The Île de France was an international express train on the PBA route (Paris–Brussels–Amsterdam). The train was named after the French region surrounding Paris.

==Trans Europ Express==
The Île de France was the French share of the initial Trans Europ Express (TEE) services on the PBA route. On 2 June 1957 the TEE services on the PBA route started with three trains. One of them, the TEE L'Oiseau Bleu, only served the Paris–Brussels section; the other, the TEE Étoile du Nord, linked Amsterdam with Paris. Both were existing services upgraded to TEE and were operated by Dutch and Belgian railways. The Île de France was introduced as the "mirror" of the Étoile du Nord, that started in the morning in Amsterdam and returned to Amsterdam just before dinner. In order to have a morning service from Paris to Amsterdam, returning from Amsterdam in the evening the Île de France was added at the start of the TEE network.

===Rolling stock===
The SNCF initially used their RGP-825 diesel multiple units for this new TEE service.

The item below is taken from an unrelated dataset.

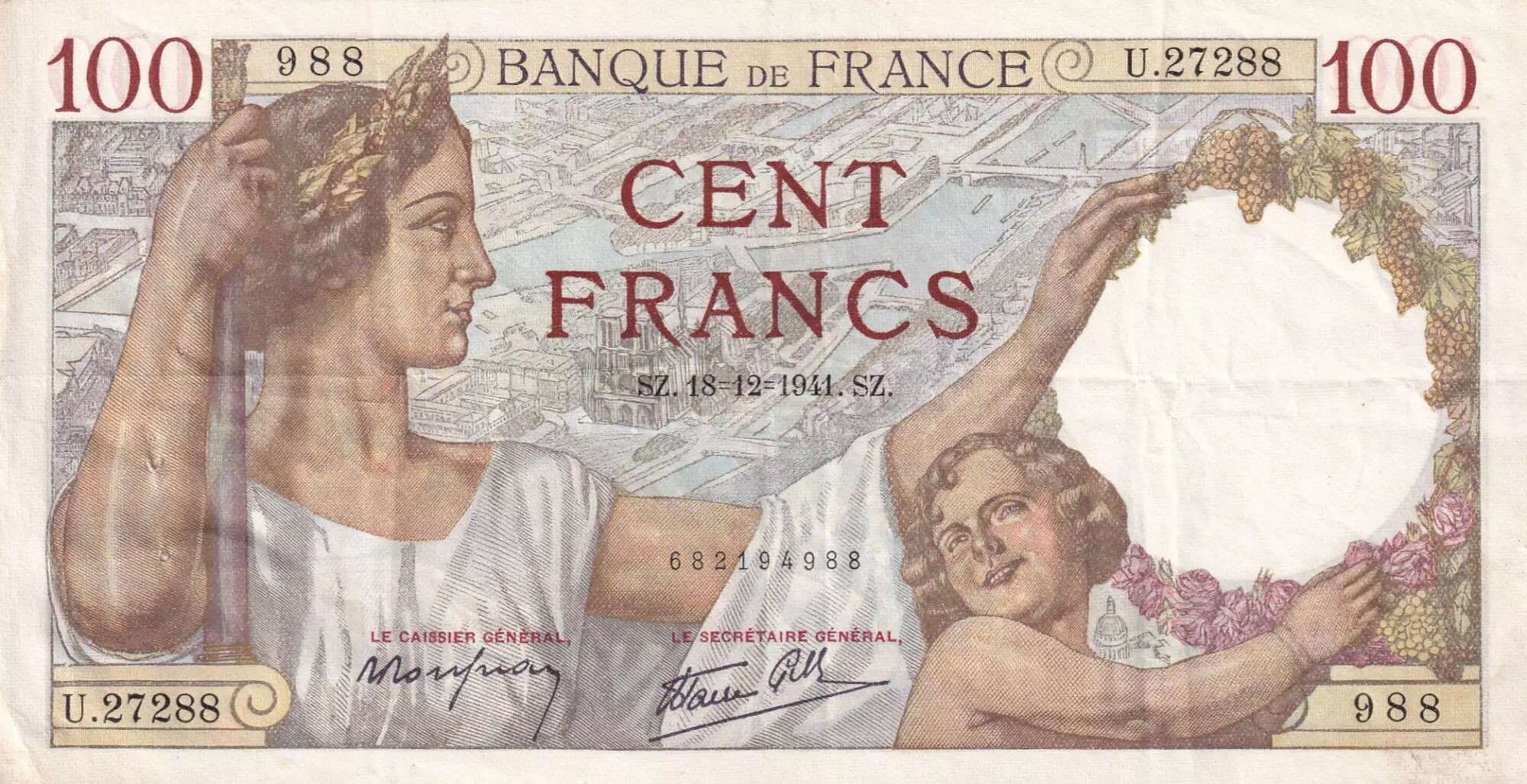 Billet France 100 Francs Sully - 18-12-1941 - Série U.27288
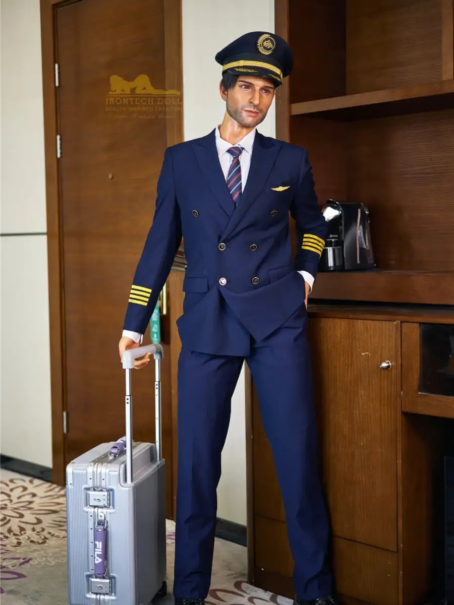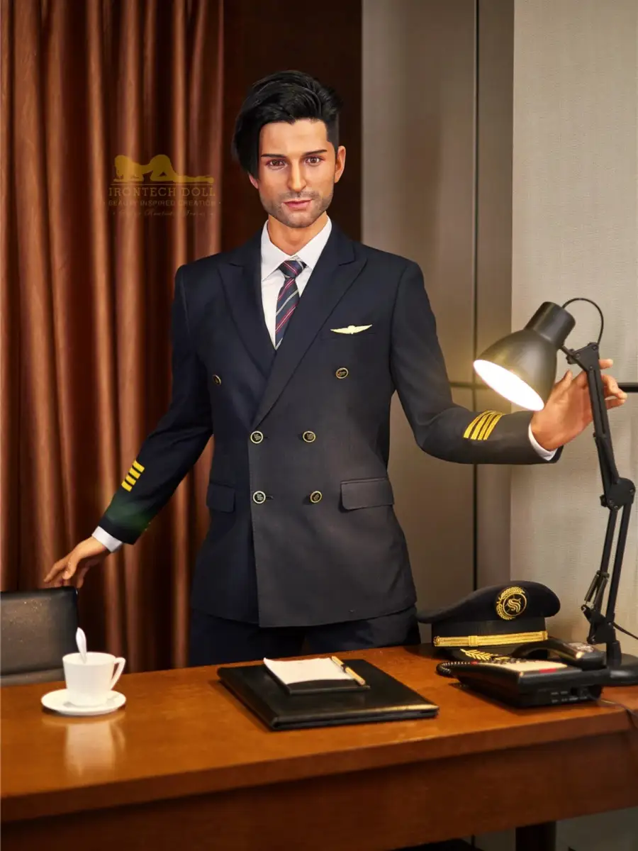 This doll is incarnated as an upright and charismatic captain. With a height of 176cm, broad shoulders and strong pectoral muscles, it is as if one can see a robust figure standing in front of the cockpit door, with a well-sculpted chest and tight waistline, together with a slightly wild beard, it exudes an irresistible mature masculinity.

Meanwhile, the French started the development of locomotive-hauled TEE coaches and multi-system electric locomotives. The Swiss were the first to introduce quadruple-voltage TEE trainsets in 1961; the French presented their class CC 40100 in 1964. On 31 May 1964 the Île de France was the first locomotive-hauled TEE to use the specially made . On 2 August 1964 all TEE services on the PBA-route received Inox-PBA stock operated by the SNCF and NMBS. This stock stayed in use until the opening of the Paris–Brussels high-speed railway in 1995. However, some modifications took place between 1983 and 1987, when a part of the coaches were refurbished to 2nd class and received a green band instead of a red (TEE) band above the windows.

===Route and timetable===
The timetable remained nearly unchanged during the whole period of service, although in 1984 the service was shortened to the Paris–Brussels part.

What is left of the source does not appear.